Page MenuHomePhabricator

[REQUEST] Research into usefulness of edits made by IP editors
Closed, ResolvedPublic

Description

What's requested:

  • How many edits are made by IP editors on our projects?
    • Would be nice to have this broken down by project (Wikipedias, wikisources etc)
  • How useful are IP edits on our projects?
    • Some ways to gauge this - how many of IP edits are reverted (good/bad faith)? How many of these IPs are eventually blocked?
    • What is the difference (if any) between IP behaviors on small vs large projects? Like, do IP editors cause more % of vandalism on smaller projects because they don't have as much capacity to deal with it?

Why it's requested: This data will inform the decision to do a pilot for disallowing logged-out editing on one or more projects. It came about as a request on the IP masking project as an alternative and more acceptable solution (for some groups) to doing IP masking.

When it's requested: The sooner the better. 1-2 weeks, ideally.

Other helpful information:

Event Timeline

@nettrom_WMF Created this based on our conversation this morning. Feel free to update if I missed something.

kzimmerman triaged this task as Medium priority.
kzimmerman moved this task from Triage to Next Up on the Product-Analytics board.

@Niharika : I've started working on the first part of this, and am wondering if there's a particular place or format you'd want for the results? Maybe there's a wiki page somewhere that could contain the tables as wiki-tables, so it's easy to refer to in discussions?

As an example, here's what the overall project statistics look like, using data from 1 Sept 2018 to 1 Sept 2019:

database_groupN Total editsN IP editsIP proportionN Registered editsRegistered proportionN Bot editsBot proportion
commons454685374055130.894506302399.111068990523.51
mediawiki520103353476.848475293.215101029.03
meta995589369193.7195867096.2934685734.84
wikibooks4032847374918.2932944681.69128323.18
wikidata26861400110042420.3726760975999.6313781323951.31
wikinews74566381991.173746498.952435370.32
wikipedia1841070562317268912.5916092088587.415683810530.87
wikiquote5083309957319.5940875780.417316814.39
wikisource3569858408031.14352905498.8680774522.63
wikiversity301932254668.4327645191.56162135.37
wikivoyage543516385427.0950497192.91416057.65
wiktionary130201204627683.551255734096.45845850664.96

I'm next planning on splitting this up by group and into data for each wiki within each group, which I'll start on Monday.

Looking good, @nettrom_WMF! Good idea. I setup a page on meta. You can make a section on it and put the data there.

@Niharika : I've updated the page on meta with stats split up by project group (wikisource, wikibooks, etc), and for each language within that group. In addition to monthly averages for number of IP edits, I've also added min/max percentages of IP contributions for each of the 12 months in the dataset, so it's possible to see to what degree the proportion of IP edits varies across a year. I think that should be sufficient to answer the first question in this task.

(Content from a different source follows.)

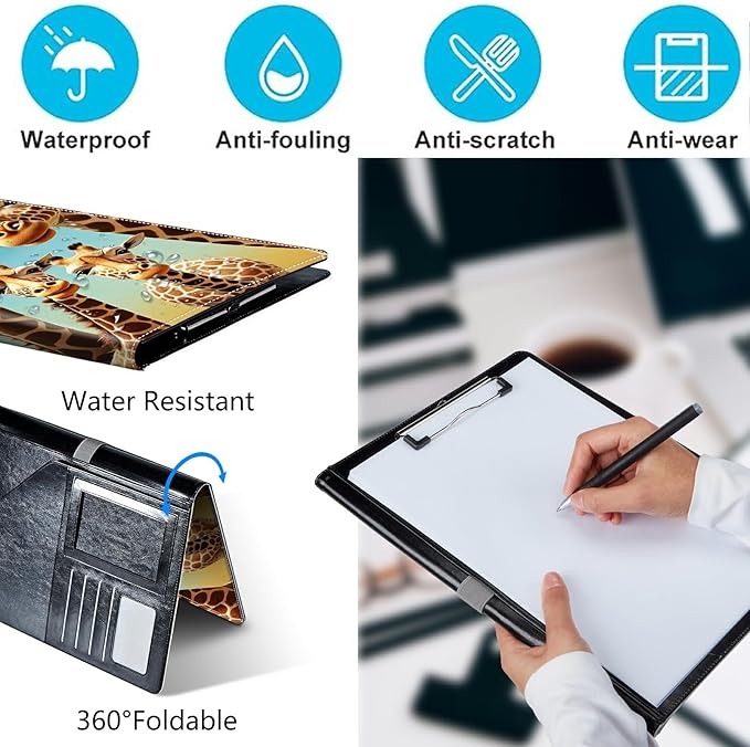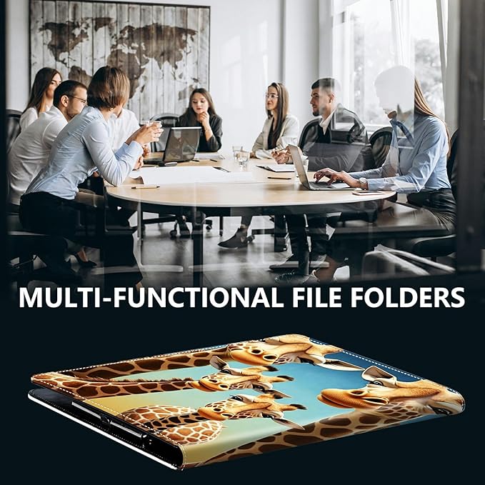 PU Leather Padfolio Folder Clipboard Portfolios Organizer Conference Document Organizer with Business Card Holder Storage Clipboard Writing Pad,Giraffe

I'm planning on tackling the other question next. For that, I'm thinking about selecting a few projects (one large, one medium, one smaller) and look at a couple of months of data. I'm unsure whether it'll be possible to identify blocks apart from when a specific IP is blocked, as the usage of range blocks might differ from wiki to wiki and I'm unsure how feasible it is to match IPs against range blocks. I'd also like to use wikis where ORES is available so we can use it to learn whether reverts were reasonable.

Let me know if there are questions or concerns about any of this.

Here's another update: I looked into matching IPs against blocks, and I can do this across the entire dataset in the Data Lake instead of using the replicated databases. This means that I should be able to identify the proportion of IP edits that were subsequently blocked for all wikis that we have data for. Will continue working on that next week.

Here's another update: I looked into matching IPs against blocks, and I can do this across the entire dataset in the Data Lake instead of using the replicated databases. This means that I should be able to identify the proportion of IP edits that were subsequently blocked for all wikis that we have data for. Will continue working on that next week.

Awesome, thanks @nettrom_WMF! That would be great.

@Niharika : I've updated the Research page on Meta with data on reverts, revdeletions, and subsequent blocks across all projects.

I've considered following up the revert analysis by using ORES predictions to understand whether IP edits appear to have warranted being reverted. As far as I understand this has already been done on English Wikipedia by a research team at the University of Washington, so it would mainly be to see whether those results carry across to other Wikipedias.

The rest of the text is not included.